## Information supplied
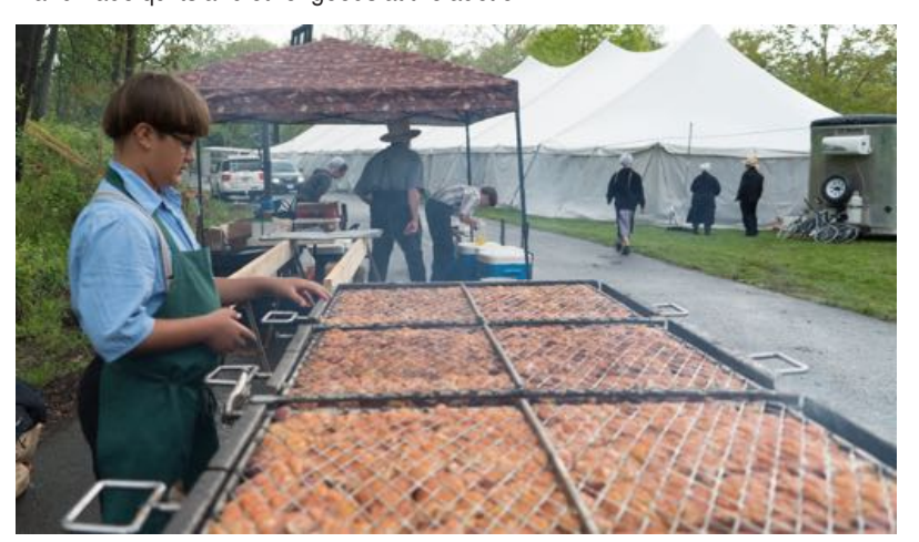
Plenty of fresh food and homemade goodies.
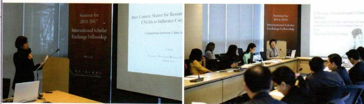
ISEF Academic Seminars
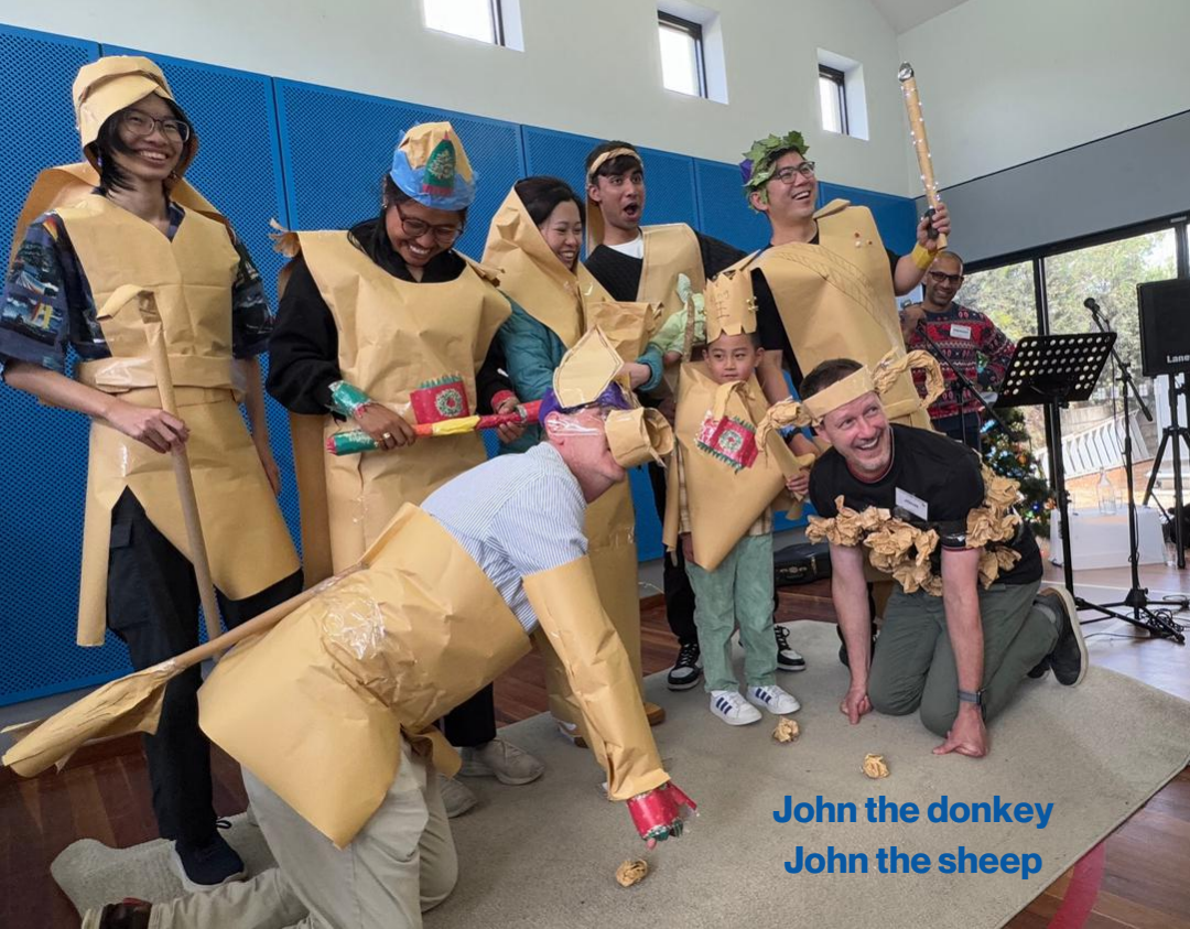
John the donkey John the sheep

## Problem to work on
The listing should be transcribed in full, exactly, and without its pictures.

## Answer section
Plenty of fresh food and homemade goodies.
ISEF Academic Seminars
John the donkey John the sheep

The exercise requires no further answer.